Jean-Claude Juncker ist offenbar von allen guten Geistern verlassen. Da schlägt der Brexit weiter hohe Wellen, beklagen Kritiker die Abgehobenheit Brüssels, und was macht der EU-Kommissionschef? Er findet, das
Ceta-Freihandelsabkommen mit Kanada gehöre nur vom Europa-Parlament abgesegnet und nicht von den nationalen Volksvertretungen. Kein Zweifel, die Briten haben die EU in schweres Fahrwasser manövriert. Aber Juncker tut alles dafür, um die See noch stärker aufzuwühlen.

Ceta ist gewissermaßen die Zwillingsschwester des hochumstrittenen TTIP-Abkommen mit den USA. Zumindest wurde darüber lange Zeit genauso unter dem Mantel der Verschwiegenheit verhandelt. Weniger Zölle, mehr
Warenfreiheit, aber womöglich auch weniger soziale Standards und mehr Macht für Konzerninteressen. Wirklich Genaueres wissen nur die Wenigsten. Schon deshalb ist das allgemeine Misstrauen groß. Und die Skeptiker dürfen sich nun bestärkt fühlen. Brüssel erfüllt wieder einmal alle Vorurteile. Aus Angst vor dem möglichen Nein eines nationalen Parlaments soll Ceta von den EU-Abgeordneten durchgewinkt werden. So kann man die europäische Idee auch zu Tode reiten.

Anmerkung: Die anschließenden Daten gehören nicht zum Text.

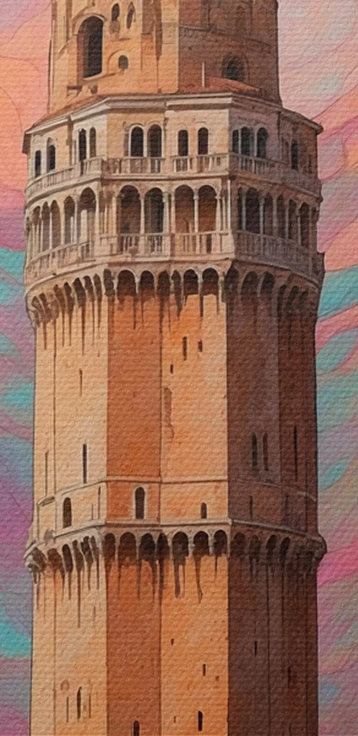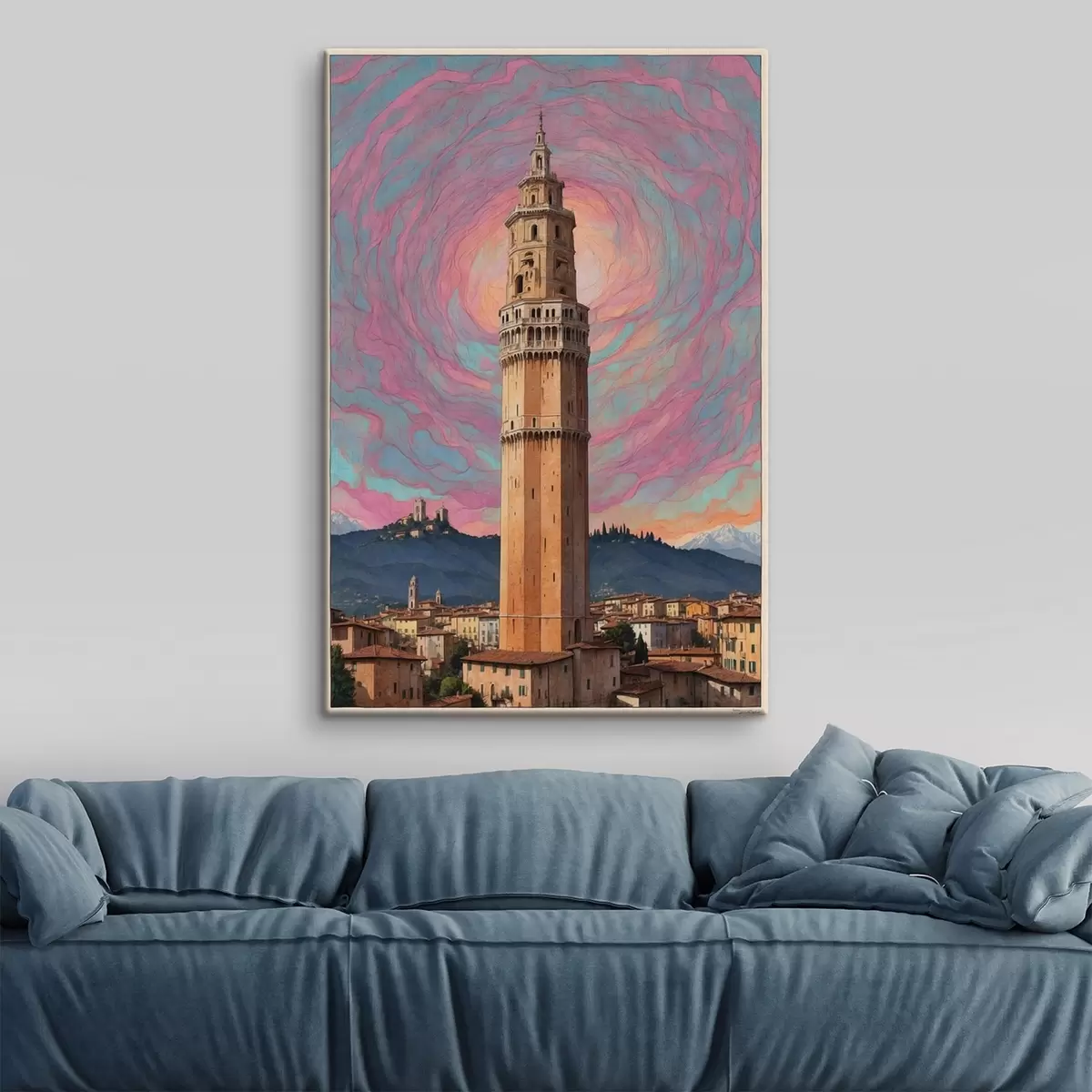 Obraz Fantazyjna wieża na tle nieba z różowymi i niebieskimi spiralami Nr s44885

Umgekehrt muss ein Schuh daraus werden. Mehr Transparenz statt Geheimniskrämerei, viel mehr Informationen für die Bürger statt Kungeleien
im kleinen Kreis. Wenn Juncker das nicht begriffen hat, dann ist er fehl am
Platze. Man kann nur hoffen, dass Sigmar Gabriel zur Abwechslung mal bei seinem Standpunkt bleibt: Ohne einen Beschluss des Bundestages darf Ceta nicht in Kraft treten. Und ohne Ceta wäre auch TTIP mausetot. Eigentlich ist das ganz einfach. Warum ausgerechnet der EU-Kommissionschef damit ein Problem hat, bleibt ein Rätsel.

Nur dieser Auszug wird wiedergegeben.